Dataset entries:
:::

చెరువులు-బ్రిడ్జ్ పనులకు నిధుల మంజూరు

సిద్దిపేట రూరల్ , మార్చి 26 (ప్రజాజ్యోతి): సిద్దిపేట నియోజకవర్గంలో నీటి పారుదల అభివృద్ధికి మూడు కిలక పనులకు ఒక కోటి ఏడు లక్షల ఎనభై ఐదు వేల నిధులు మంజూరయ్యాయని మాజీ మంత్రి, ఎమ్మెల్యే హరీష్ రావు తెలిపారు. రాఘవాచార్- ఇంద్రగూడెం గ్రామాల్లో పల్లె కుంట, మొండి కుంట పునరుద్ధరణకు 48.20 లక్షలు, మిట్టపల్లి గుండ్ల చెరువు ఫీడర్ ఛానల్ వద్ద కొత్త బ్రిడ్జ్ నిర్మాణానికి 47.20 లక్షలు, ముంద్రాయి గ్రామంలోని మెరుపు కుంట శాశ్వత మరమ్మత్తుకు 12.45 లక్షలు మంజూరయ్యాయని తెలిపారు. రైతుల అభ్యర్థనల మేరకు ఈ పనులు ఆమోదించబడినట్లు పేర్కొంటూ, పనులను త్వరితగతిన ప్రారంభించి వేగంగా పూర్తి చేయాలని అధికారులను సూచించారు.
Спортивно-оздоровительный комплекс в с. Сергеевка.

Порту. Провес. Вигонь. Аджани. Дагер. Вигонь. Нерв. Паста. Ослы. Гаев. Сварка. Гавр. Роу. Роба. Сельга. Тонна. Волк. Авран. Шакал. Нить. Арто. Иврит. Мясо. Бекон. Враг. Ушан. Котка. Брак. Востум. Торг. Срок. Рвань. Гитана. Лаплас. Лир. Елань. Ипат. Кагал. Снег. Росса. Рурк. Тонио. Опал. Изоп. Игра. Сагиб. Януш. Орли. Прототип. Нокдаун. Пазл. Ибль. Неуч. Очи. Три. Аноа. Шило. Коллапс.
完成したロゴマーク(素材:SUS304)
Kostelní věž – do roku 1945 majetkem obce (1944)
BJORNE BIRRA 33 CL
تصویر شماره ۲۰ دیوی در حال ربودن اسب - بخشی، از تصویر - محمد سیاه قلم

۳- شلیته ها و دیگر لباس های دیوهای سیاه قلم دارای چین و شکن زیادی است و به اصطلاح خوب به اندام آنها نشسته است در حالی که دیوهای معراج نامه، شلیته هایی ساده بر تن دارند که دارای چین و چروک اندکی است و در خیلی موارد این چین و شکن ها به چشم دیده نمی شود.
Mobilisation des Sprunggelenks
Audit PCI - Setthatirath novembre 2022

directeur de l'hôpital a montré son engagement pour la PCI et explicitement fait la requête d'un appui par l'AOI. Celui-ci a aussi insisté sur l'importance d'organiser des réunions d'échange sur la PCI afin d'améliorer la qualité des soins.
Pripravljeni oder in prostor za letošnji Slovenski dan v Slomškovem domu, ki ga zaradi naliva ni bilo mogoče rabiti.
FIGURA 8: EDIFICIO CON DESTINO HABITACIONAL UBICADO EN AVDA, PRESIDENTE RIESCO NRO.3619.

:::

▶ About this exercise
The answer is the records above restated word for word from their opening line through the line that holds "Kostelní věž –", both included, and nothing else.

▶ Result of this task
చెరువులు-బ్రిడ్జ్ పనులకు నిధుల మంజూరు

సిద్దిపేట రూరల్ , మార్చి 26 (ప్రజాజ్యోతి): సిద్దిపేట నియోజకవర్గంలో నీటి పారుదల అభివృద్ధికి మూడు కిలక పనులకు ఒక కోటి ఏడు లక్షల ఎనభై ఐదు వేల నిధులు మంజూరయ్యాయని మాజీ మంత్రి, ఎమ్మెల్యే హరీష్ రావు తెలిపారు. రాఘవాచార్- ఇంద్రగూడెం గ్రామాల్లో పల్లె కుంట, మొండి కుంట పునరుద్ధరణకు 48.20 లక్షలు, మిట్టపల్లి గుండ్ల చెరువు ఫీడర్ ఛానల్ వద్ద కొత్త బ్రిడ్జ్ నిర్మాణానికి 47.20 లక్షలు, ముంద్రాయి గ్రామంలోని మెరుపు కుంట శాశ్వత మరమ్మత్తుకు 12.45 లక్షలు మంజూరయ్యాయని తెలిపారు. రైతుల అభ్యర్థనల మేరకు ఈ పనులు ఆమోదించబడినట్లు పేర్కొంటూ, పనులను త్వరితగతిన ప్రారంభించి వేగంగా పూర్తి చేయాలని అధికారులను సూచించారు.
Спортивно-оздоровительный комплекс в с. Сергеевка.

Порту. Провес. Вигонь. Аджани. Дагер. Вигонь. Нерв. Паста. Ослы. Гаев. Сварка. Гавр. Роу. Роба. Сельга. Тонна. Волк. Авран. Шакал. Нить. Арто. Иврит. Мясо. Бекон. Враг. Ушан. Котка. Брак. Востум. Торг. Срок. Рвань. Гитана. Лаплас. Лир. Елань. Ипат. Кагал. Снег. Росса. Рурк. Тонио. Опал. Изоп. Игра. Сагиб. Януш. Орли. Прототип. Нокдаун. Пазл. Ибль. Неуч. Очи. Три. Аноа. Шило. Коллапс.
完成したロゴマーク(素材:SUS304)
Kostelní věž – do roku 1945 majetkem obce (1944)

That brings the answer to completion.